Minimizing Power Consumption In Bidirectional Voltage Level Shifters
Lowering Static Power Drain
Static power drainage can account for over 50% of total power consumption in bidirectional voltage translation circuits. By carefully selecting low-power transistor architectures and utilizing sleep modes, static power can be dramatically reduced.
Using low-power transistor architectures
Power-optimized CMOS processes offer transistor variants with lower leakage compared to standard cells. For example, high-threshold transistors exhibit a high source-to-gate voltage barrier, preventing subthreshold conduction when the gates are not actively driven. Up to 30% reduction in leakage is possible by substituting high-VT devices into latch arrays and other static circuitry.
Transistors with multi-gate morphologies, such finFET and tri-gate structures, demonstrate significantly lower off-state currents due to superior electrostatic control over the channel. Bidirectional level shifters constructed with multi-gate FETs slashes static leakage by over 40% compared to traditional planar CMOS processes.
Minimizing leakage with sleep modes
Actively power gating domains when voltage translation is not required can eliminate static currents.
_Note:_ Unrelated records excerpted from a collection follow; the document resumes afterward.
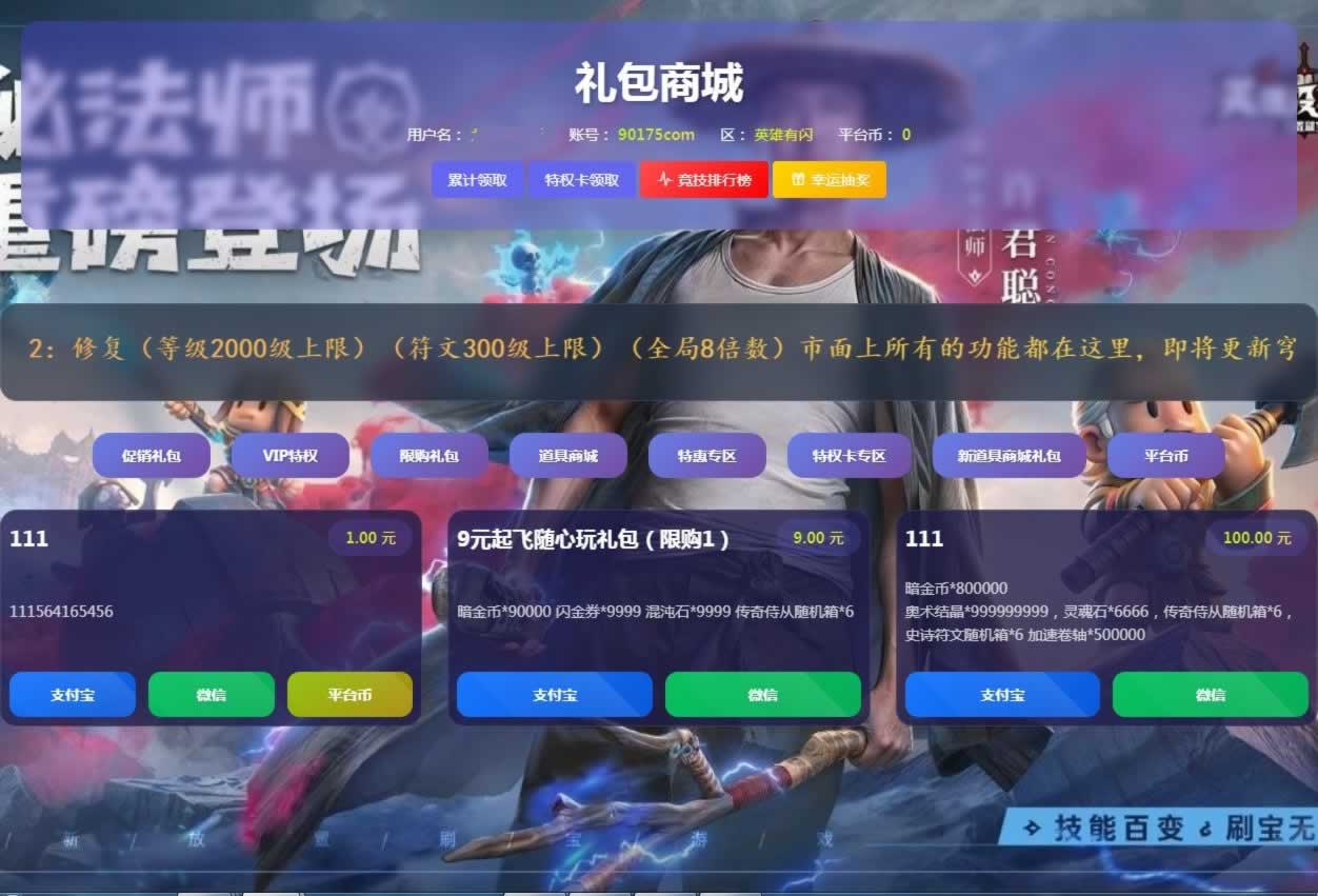 为加速网站,所有图片进行了优化处理,所以并不是高清,实际中游戏与网站本身画面是高清的,部分源码中打包有高清展示图片。棋牌源码网 » Y397【英雄有傘法师双角色8倍速100级祝福版】放置RPG刷宝手游Linux本地学习手工服务端教程
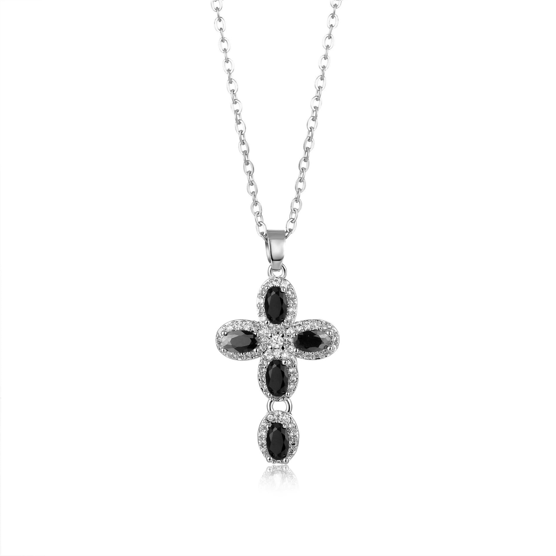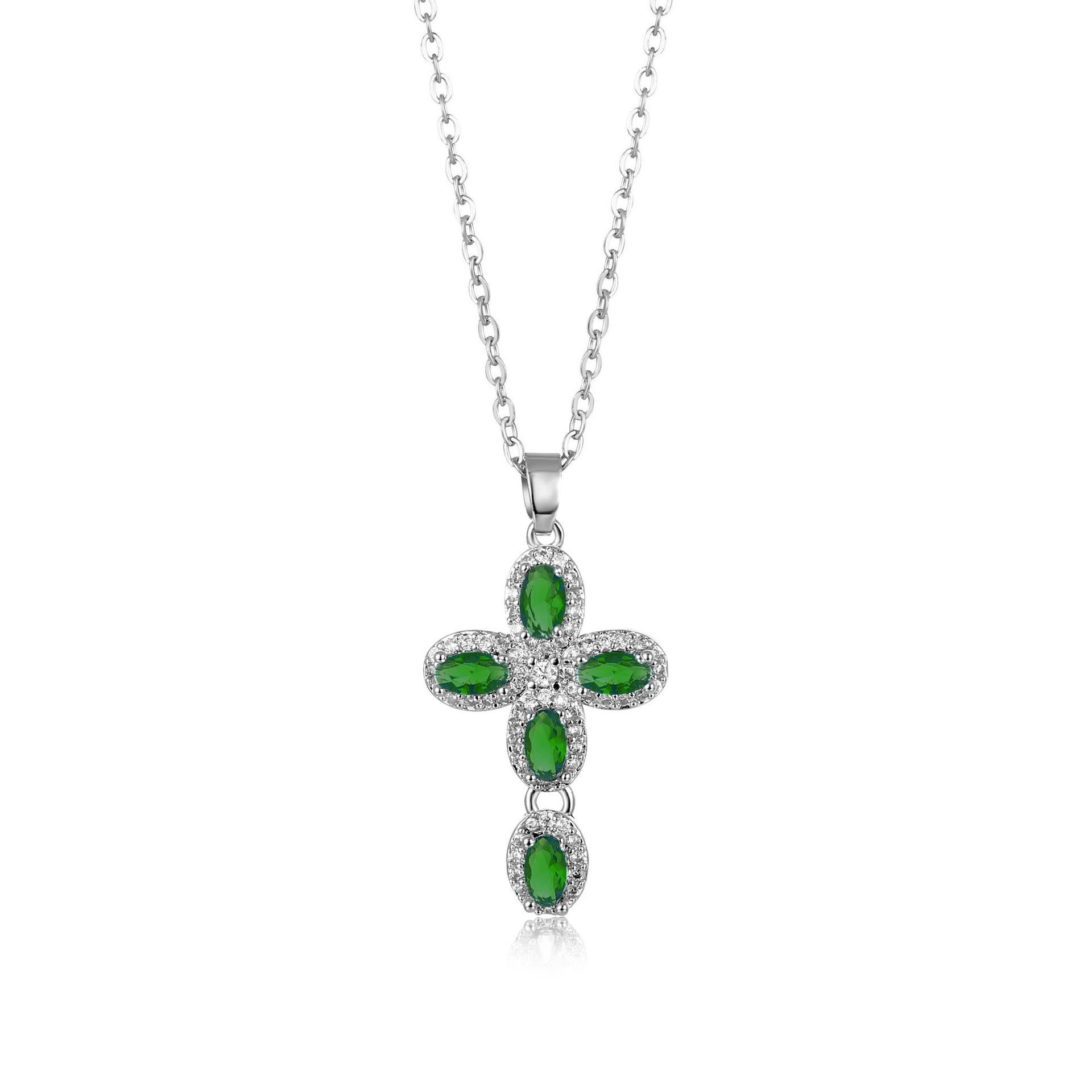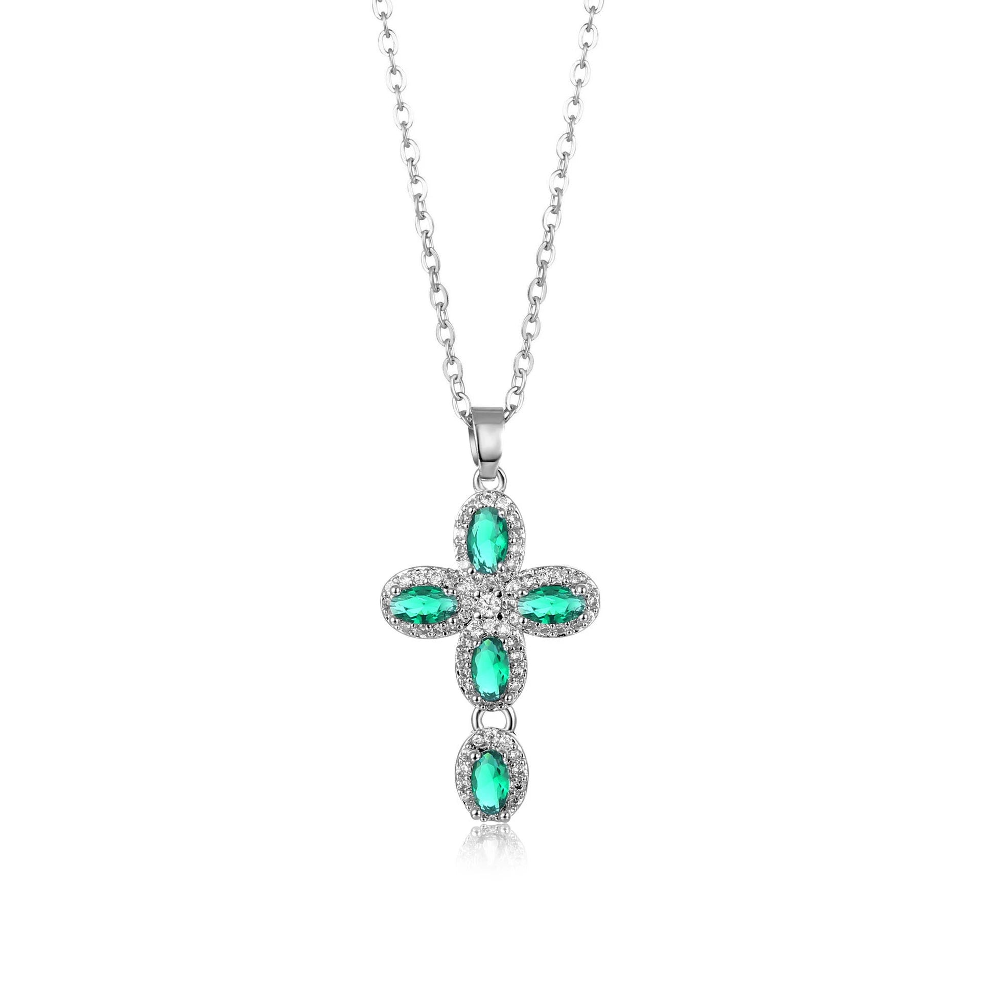 Wholesale Jewelry Copper Inlaid Zircon Geometric Cross Pendant Necklace
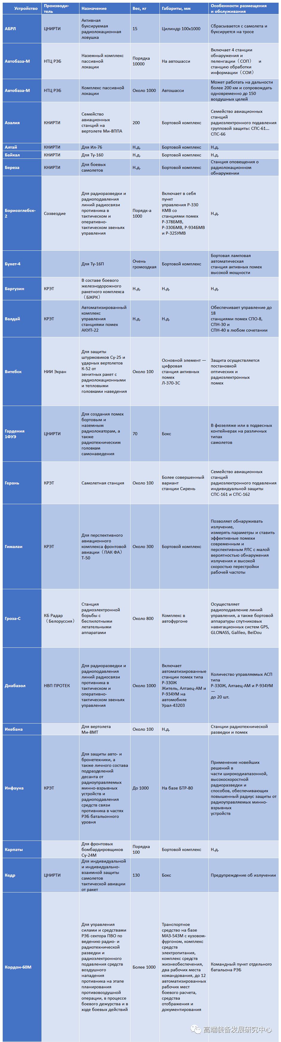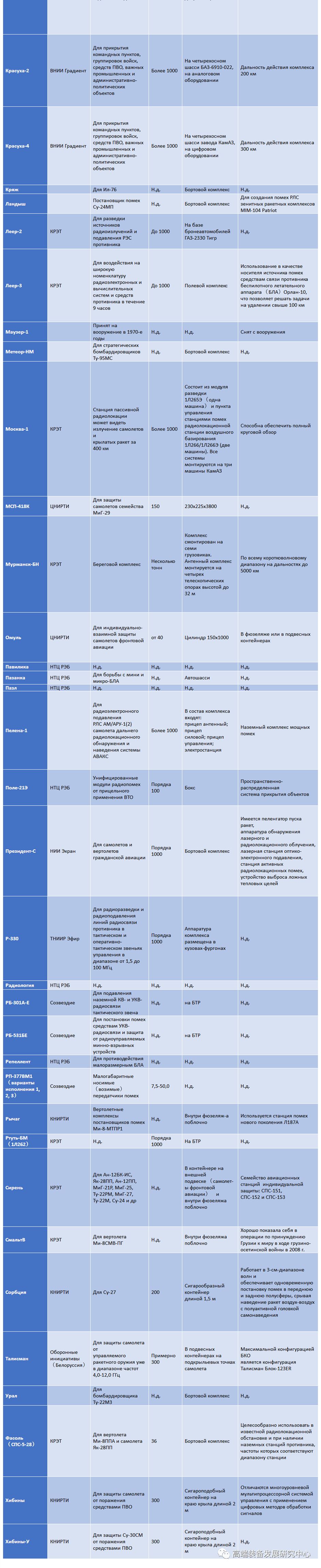 为俄罗斯联邦国防部制造的电子战技术设备中电子战集成系统聚合了大约50种不同用途的综合体和手段(参见表格)。
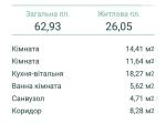Загальна площа 63 м² · житлова 26.05 м² · кухня 18.27 м²
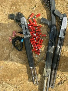 A wooden structure located approximately 45 metres from the mining site was subsequently identified and searched. The search yielded three pump action weapons along with 37 cartridges, recovered from within the structure.
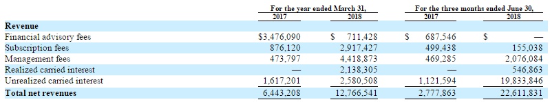 不过,基岩资本也在通过调整业务结构保持营收的增长。据招股书显示,截至2018年6月30日,基岩资本总共营业收入达2261.1万元美元(约合1.55亿元人民币),其中净收入为1020.9万元美金(近7006万元人民币)。
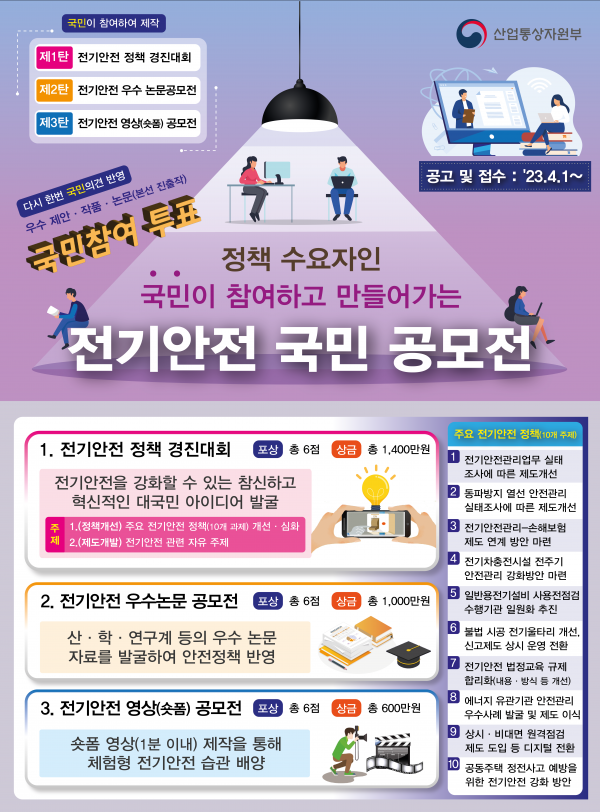 이번 공모전은 산업부에서 이전 발표한 전기안전 정책 중 주요 정책 10가지를 선정해 관련 정책을 개선·심화할 수 있는 정책개선 분야도 마련했다.
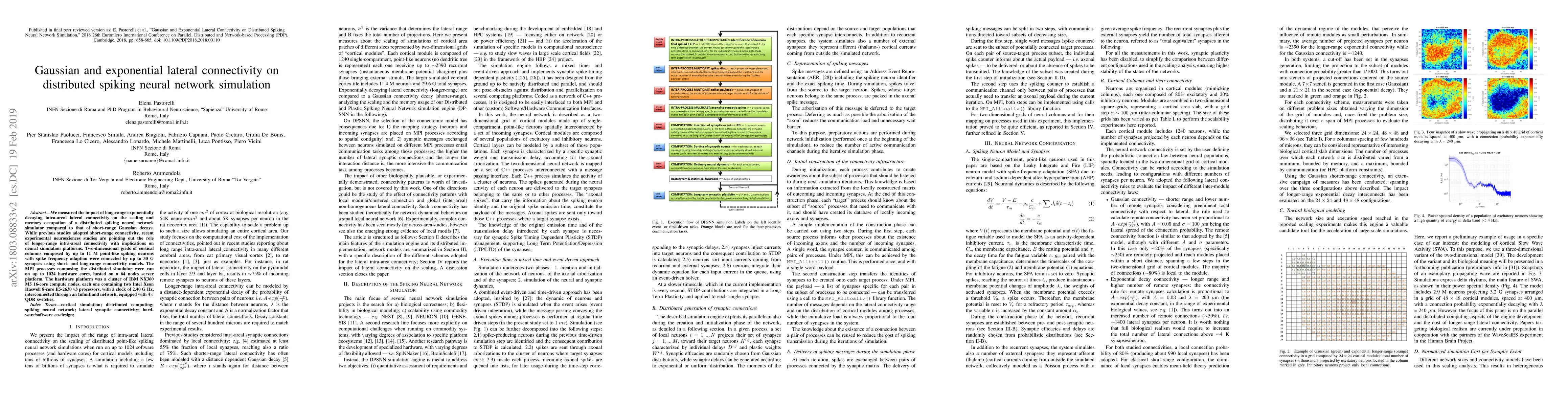 A distributed spiking neural network simulator was used to compare the impact of short-range Gaussian connectivity versus long-range exponentially decaying intra-areal connectivity on scaling and memory occupation. Long-range connectivity outperformed short-range connectivity in terms of simulation speed and efficiency.
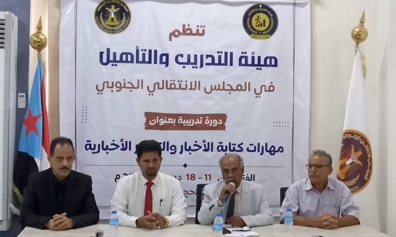 التحق صباح اليوم الاربعاء صحفيو وإعلاميو فرع نقابة الصحفيين والإعلاميين الجنوبيين أبين بدورة مهارات كتابة الأخبار والتقارير الأخبارية التي تنظمها هيئة التدريب والتأهيل في المجلس الانتقالي الجنوبي بمقرها في مدينة التواهي بالعاصمة عدن ، بالتنسيق مع نقابة الصحفيين والإعلاميين الجنوبيين والتي تستهدف تدريب 45 صحفيا وإعلاميا من محافظات ” عدن – لحج – أبين – الضالع ” في الفترة من 11 – 18 من ديسمبر الجاري،

This is commonly accomplished with header/footer sleep transistors or more advanced cluster-based power gating methodology.
Header/footer sleep transistors are integrated to gate power to the level translation circuitry itself. On supported processes, the sleep transistors exhibit special leakage-optimized characteristics. Cutting off the power rail essentially halts all static drainage. Re-enabling the header/footer transistors when bidirectional signaling is necessitated incurs some minor delay and switching overhead.
At advanced nodes, cluster-based power gating partitions the level shifter into separately controllable domains, allowing only the active partitioning to remain powered while the rest slumber. This requires extra logic to dynamically reactivate/deactivate domains but reduces sleep mode latency compared to header/footer approaches.
Optimizing Switching Power
While leakage accounts for a considerable fraction, active stepping of voltage rails during state changes continues to represent significant power expenditures. Various techniques exist to minimize unnecessary voltage transitions.
Reducing unnecessary state changes
Glitch generation on control signals can spur spurious intermediate voltage node toggling, costing energy without purpose. This wastage intensifies in mature process nodes where wire delays dominate gate propagation times. Integrating edge-rate controls, hazard mitigation, and other noise-quieting methods curtails harmful glitches.
Latches and flip-flops controlling power mode sequencing should be explicitly designed for glitch-free behavior with master-slave architectures and adjusted for balanced rise/fall times. This ensures no half-clock anomalies trigger unintended power mode transitions.
Employing efficient drive strength scaling
Superfluous overdrive of gate capacitances dissipates excess power across non-critical timing paths. Optimally tuning drive strengths to precisely satisfy transition time targets, rather than conservatively oversizing as per usual synthesis, promotes power economy.
High-fanout nets spanning multiple voltage domains are particularly subject to excess loading. Limiting fanout through insertion of regional buffers, sized precisely to regional capacitance, avoids gross overdrive from an upstream oversized gate attempting to muscle the entire net.
Example Code for Low-Power Bidirectional Level Shifter
The following executable reference design demonstrates integrated application of the aforementioned low-power techniques for minimized power bidirectional level-shifting between 1.8V and 3.3V domains.
Header files and libraries
Configuration of process-specific low-leakage high-VT cells and multi-Vt compilers occurs upfront. Glitch filtering modules are imported alongside power gating control modules.
Initializing pins and peripherals
Primary control pins are instantiated with configured slew rates and timing margins to prevent glitching. The bidirectional core domain along with separate output stages are assigned to independently power-gateable partitions.
ISR for handling power modes
Interrupt handler code issues the appropriate sleep/wake signals to the header/footer transistors depending on bidirectional translation requirements detected by upper level logic.
Core translation functions
Lean strength-sized buffer trees shift inputs from 1.8V up to 3.3V and conversely down-convert 3.3V inputs to 1.8v signals. Auto-gating of unused directional resources minimizes lingering powered-on leakage.
Further Recommendations
While the above methodology realizes substantial power savings through optimization of the level translation circuitry itself, additional benefits can be obtained by considering system-level enhancements.
Leveraging hardware acceleration
Hardware accelerators with level shifting integrated directly into I/O blocks can offload bidirectional signaling tasks from the main application processor. This avoids expending costly software routines and CPU processing overhead just to handle basic voltage translation.
Considering alternate bus interfaces
Emerging bus standards implement bidirectional translation intrinsically within the physical layer specification. Examples include SLIMbus and SerDes-based interfaces. Adopting such architectures obviates the need for explicit external level shifting entirely.